India on Friday said it would ease foreign borrowing rules for firms in the infrastructure and real estate sectors, and raised the foreign investment limit in corporate bonds to $15 billion.
As it unveiled a second stimulus package moments after the central bank slashed its main policy rates for a slowing economy, the government said it was preparing to recapitalise state-run banks to the tune of 200 billion rupees ($4.1 billion).
This would take place over the next two years to ensure the banking system does not suffer from capital adequacy constraints.
It allowed the creation of a special financing entity to provide liquidity support against investment grade paper to non-banking finance companies.

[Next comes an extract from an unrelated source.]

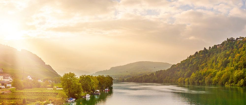 Achetez cette œuvre d'art de paysage Lever de soleil sur la Moselle par Günter Albers sur toile, aluminium, ArtFrame ou photographie (encadrée), impression d'art en haute qualité et tout format.

The statement said the liquidity potentially available though this window would be 250 billion rupees.
India’s economy, Asia’s third-biggest, has shown consistent signs of slowing amid the worldwide downturn and high borrowing costs at home, after growing at 9 percent or above for the past three years.
Economists and government advisers and officials expect expansion to moderate to around 7 percent this fiscal year and the central bank’s chief said last month that 2009/10 looked like being an even more challenging year.
In early December, Indian authorities cut policy rates, announced $4 billion in extra spending and rolled out a four-percentage point cut in factory gate duties in an attempt to boost flagging activity.
Adding to concerns over stumbling economic growth, data on Thursday showed India’s exports contracting 9.9 percent in November from a year earlier, the second consecutive fall after a 12.1 percent dip in October.